Christmas eve: Glogol ===> Rimsky-KOrsakov (Christmas eve), Tchaikovsky (Cherevichki)
Sorotchinksy Market : Gogol ====> Moussorgsky, same title
Gogol: May night: Rimsky-Korsakov: same title
Pushkin: Pugatchov revolte: Tchaikovsky: Mazeppa
Pushkin: Boris Godunov: Moussorgsky: same title
Pushkin: The queen of spades===< Tchaikovsky : same title (in Russian the dame of pique)
Pushkin: Eugene Onieguin; Tchaikovsky: same title
Pushkin: the feast during the plague; Cesar Cui: same title.
Pushkin: Ruslan and Ludmila: Glinka: same title
Dostoyevsky: the gambler: Prokofiev and Shostakovich: same title
Dostoyevsky: the house of the dead: Leos Janacek: the same title.
Gogol: the nose; Shostakovich: the same title

and many others


You can see how solidly Russian operas are based in good books...

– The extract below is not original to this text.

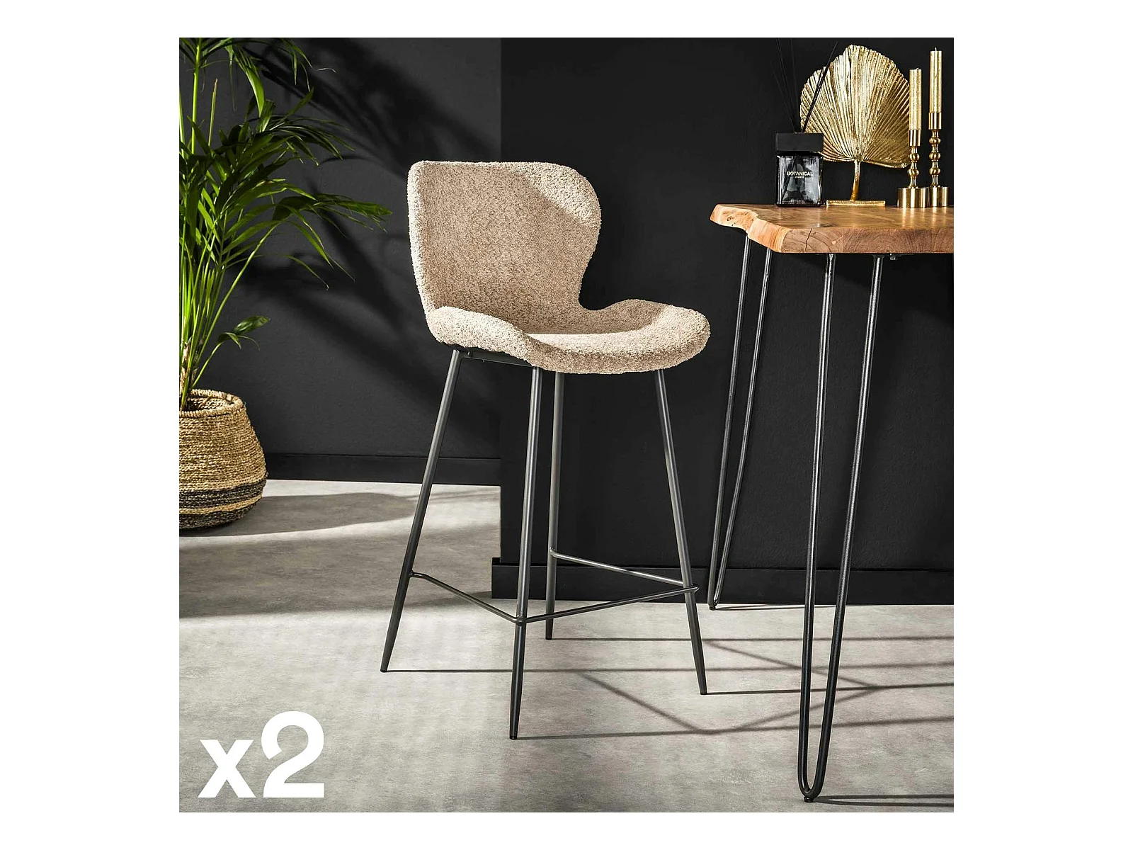 Tabouret de bar beige en bouclette (lot de 2) MELBOURNE

Martin Pitchon, at your service.


:tiphat:


----------



## Jean Christophe Paré (Nov 21, 2010)

Verdi's Othello based on Shakespeare.
Puccini's La Bohème based on Henri Murger.
Countless Fausts

Etc. etc. etc.

I don't think it is only the case for Russian operas.


----------



## myaskovsky2002 (Oct 3, 2010)

*Of course*

Of course not.

I was just speaking about *Russian opera,* because many people don't know how solid they are...

Maybe this thread is not worth...I'm sorry.


----------



## Huilunsoittaja (Apr 6, 2010)

Some Russian Composer should have written an opera to Anna Karenina... but I guess War and Peace was done


----------



## myaskovsky2002 (Oct 3, 2010)

Anna Karenina? Of course Rodion Schredrin...His wife was a ballerina well connected the guy wasn't really talented. Maya Plisetskaya.

http://www.shchedrin.de/shchedrin_index_e.htm

War and peace...well who doesn't know this wonderful opera by your beloved composer...S.P.

LOL

Martin

P.S. I can't stand Leon Tolstoi


----------



## Huilunsoittaja (Apr 6, 2010)

myaskovsky2002 said:


> War and peace...well who doesn't know this wonderful opera by your beloved composer...S.P.
> 
> LOL
> 
> ...


Well (this will bother you ) I actually don't like opera _that_ much, only orchestral parts.

I'm in the middle of reading War and Peace, but it's gonna take a while to get through it. I'm too busy to just read a little even.


----------



## myaskovsky2002 (Oct 3, 2010)

*Voina y Mir*

War and peace is an opera you have to listen many times in order to like it. It is a wonderful opera. About reading War and peace (Voina y Mir)...it is a real waste of time. Tolstoi goes too slowly...and the story is well known anyhow....Every hero has his 1812! LOL.

Question of tastes...

Martin....


----------